#### [Entries shown]
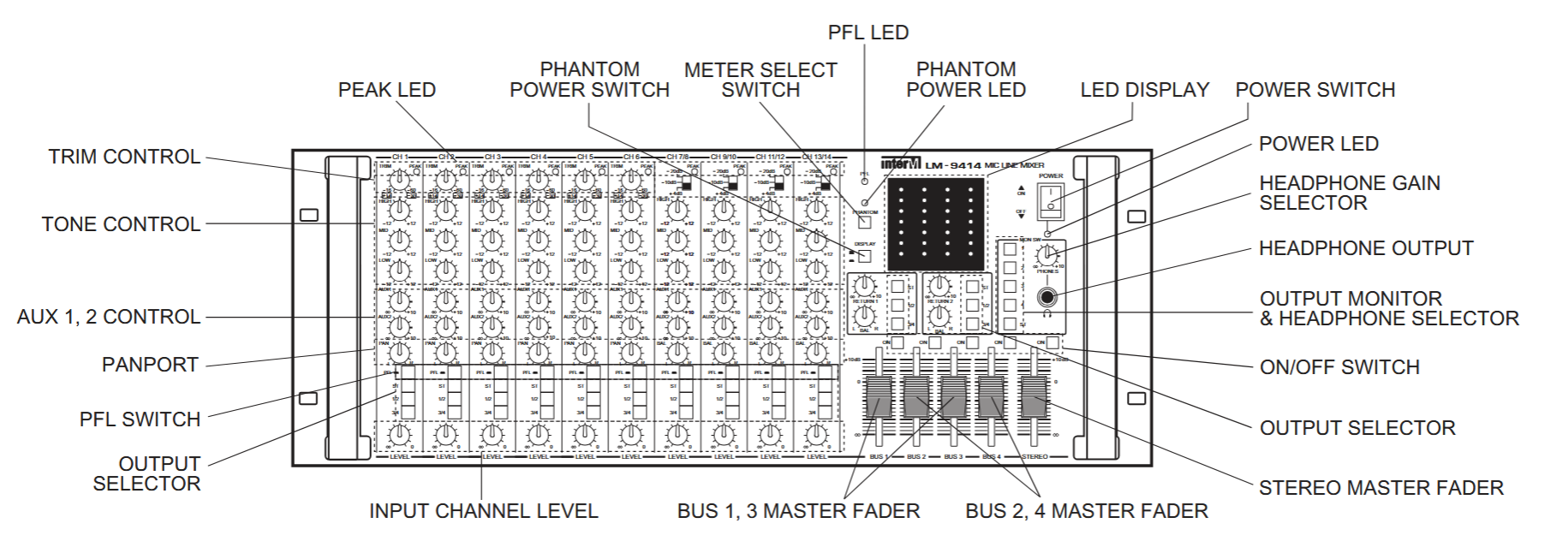 inter-M LM-9414 4 BUS MIC LINE MIXER
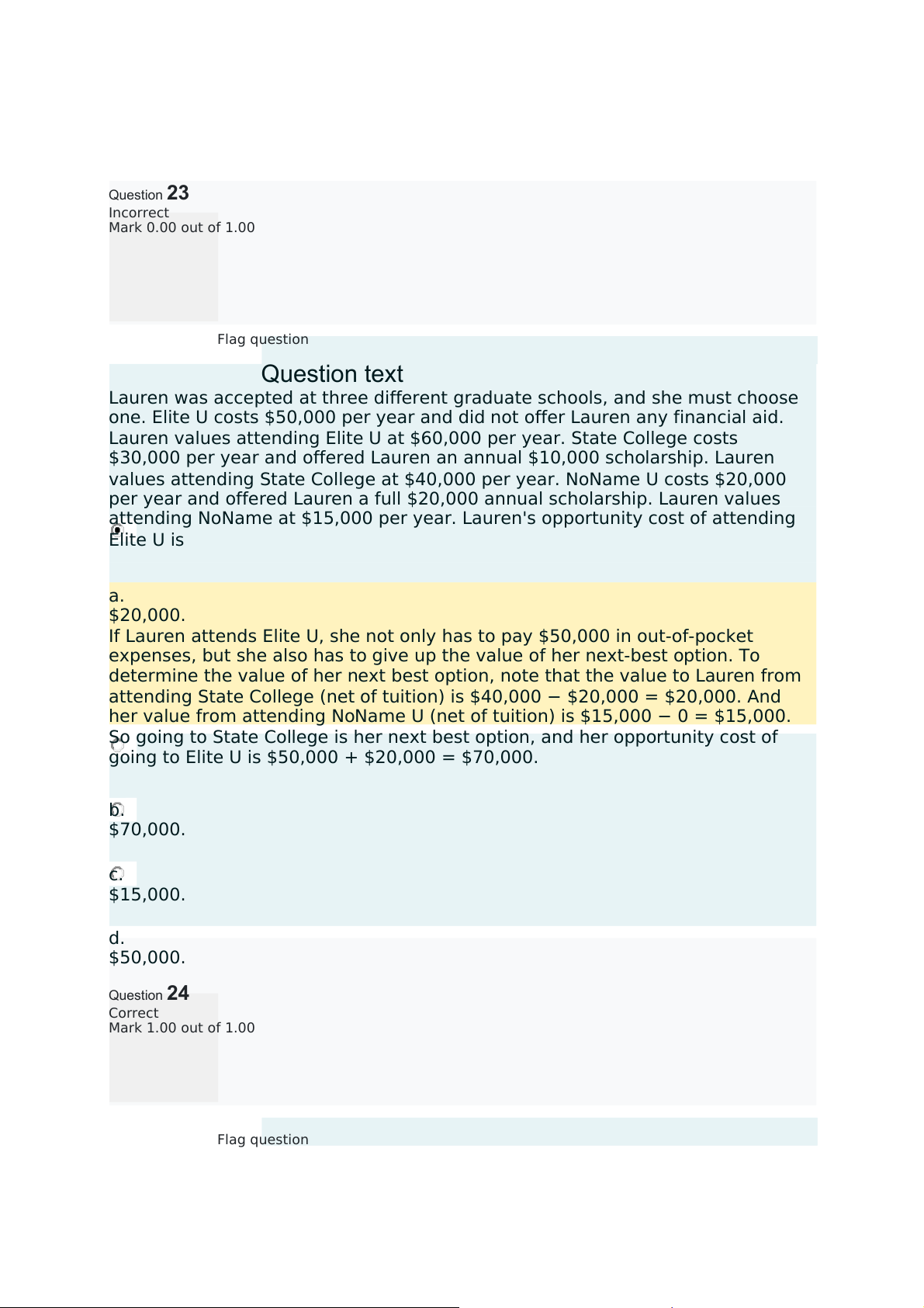 going to Elite U is $50,000 + $20,000 = $70,000. b. $70,000. c. $15,000. d. $50,000. Question24 Correct Mark 1.00 out of 1.00 Flag question Questiontext
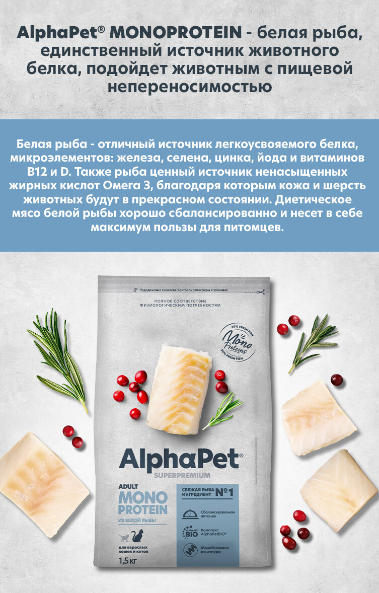 10 цен на ALPHAPET SUPERPREMIUM MONOPROTEIN Сухой полнорационный корм из белой рыбы для взрослых кошек 1,5 кг
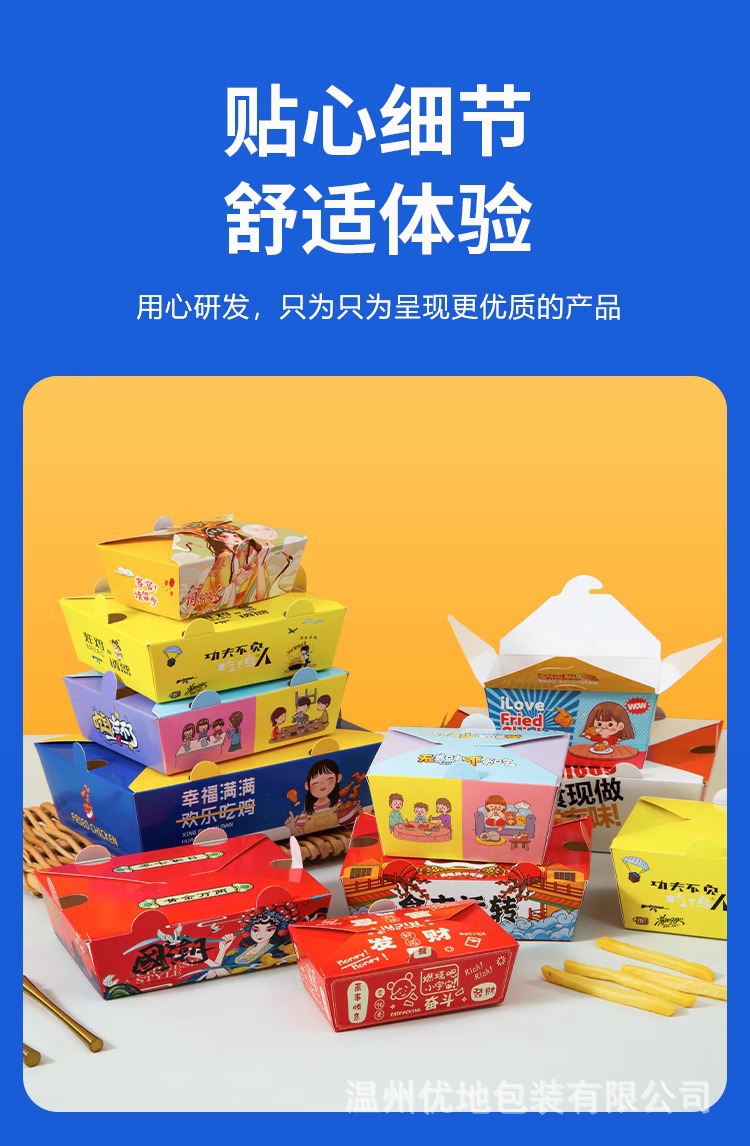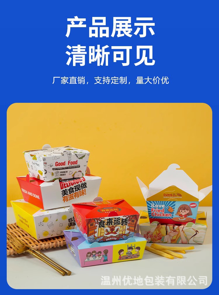 フライドチキンのテイクアウトボックスは無料です。韓国風フライドチキンの包装箱は鶏肉とフライドポテトの商用防油包装箱シリーズです。
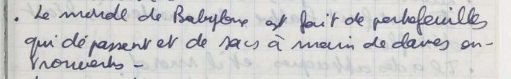 Reste que Babylone prend suffisamment de place pour devenir davantage qu’une référence mythique, mystique. Ce sera la ville où se déroulera ce roman qui n’aura jamais de nom, et ne connaitra qu’un prologue : son frère François, quand il en retrouvera les pages ce printemps endeuillé de 1989, le nommera évidemment, avec ce même goût baroque, Prologue :
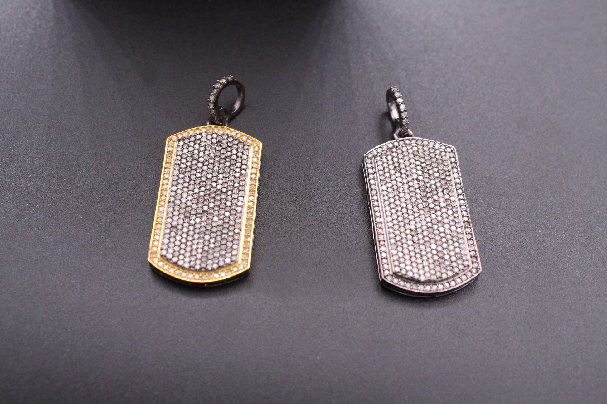 Dog Tag All Diamond Pendant in Two Tone set in Sterling Silver
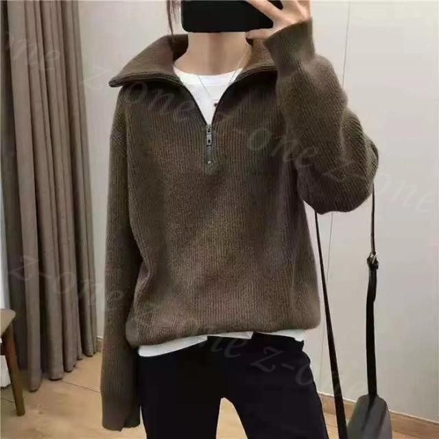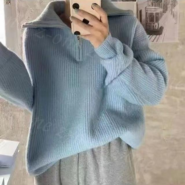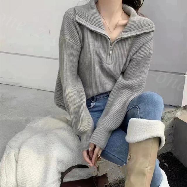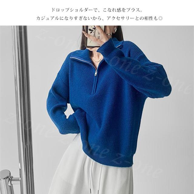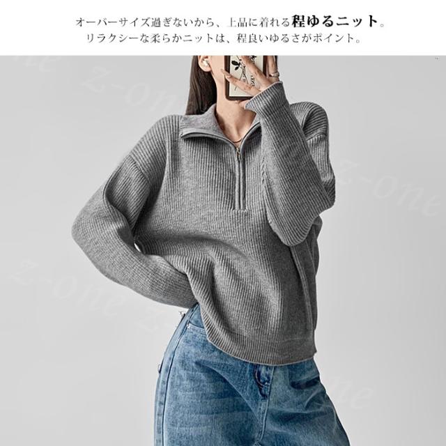 ニット セーター リブニット トップス レディース 春新作 送料無料 秋 冬 長袖 セーター ハーフジップ 暖かい ストレッチ 秋冬ニット シンプル 上品 着回し カジュアル 着痩せ 重ね着 オシャレ ファッション フリーサイズ 入学式 入園式
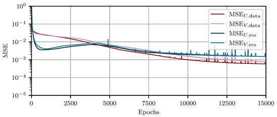 Exemplary NLSE-PINN training loss curve. The PDE residual error components and initially exhibited a strong decrease, but slightly increased as the data error components and were reduced. After around 10,000 epochs, the PDE residual errors reached a plateau, while the data errors continued to gradually improve.
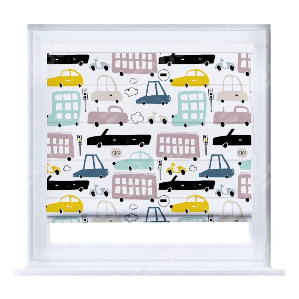 Римская штора производителя «Cortin», устанавливается на створку окна, пошита из ткани блэкаут с нанесением сублимационной печати «Красочный трафик». Штора шьётся по индивидуальным размерам, для данного типа римской шторы возможная ширина от 35 до 150 см., высота до 250 см.

#### [Activity]
Leaving the images behind, set down every entry word for word.

#### [Solution]
 inter-M LM-9414 4 BUS MIC LINE MIXER
 going to Elite U is $50,000 + $20,000 = $70,000. b. $70,000. c. $15,000. d. $50,000. Question24 Correct Mark 1.00 out of 1.00 Flag question Questiontext
 10 цен на ALPHAPET SUPERPREMIUM MONOPROTEIN Сухой полнорационный корм из белой рыбы для взрослых кошек 1,5 кг
 フライドチキンのテイクアウトボックスは無料です。韓国風フライドチキンの包装箱は鶏肉とフライドポテトの商用防油包装箱シリーズです。
 Reste que Babylone prend suffisamment de place pour devenir davantage qu’une référence mythique, mystique. Ce sera la ville où se déroulera ce roman qui n’aura jamais de nom, et ne connaitra qu’un prologue : son frère François, quand il en retrouvera les pages ce printemps endeuillé de 1989, le nommera évidemment, avec ce même goût baroque, Prologue :
 Dog Tag All Diamond Pendant in Two Tone set in Sterling Silver
 ニット セーター リブニット トップス レディース 春新作 送料無料 秋 冬 長袖 セーター ハーフジップ 暖かい ストレッチ 秋冬ニット シンプル 上品 着回し カジュアル 着痩せ 重ね着 オシャレ ファッション フリーサイズ 入学式 入園式
 Exemplary NLSE-PINN training loss curve. The PDE residual error components and initially exhibited a strong decrease, but slightly increased as the data error components and were reduced. After around 10,000 epochs, the PDE residual errors reached a plateau, while the data errors continued to gradually improve.
 Римская штора производителя «Cortin», устанавливается на створку окна, пошита из ткани блэкаут с нанесением сублимационной печати «Красочный трафик». Штора шьётся по индивидуальным размерам, для данного типа римской шторы возможная ширина от 35 до 150 см., высота до 250 см.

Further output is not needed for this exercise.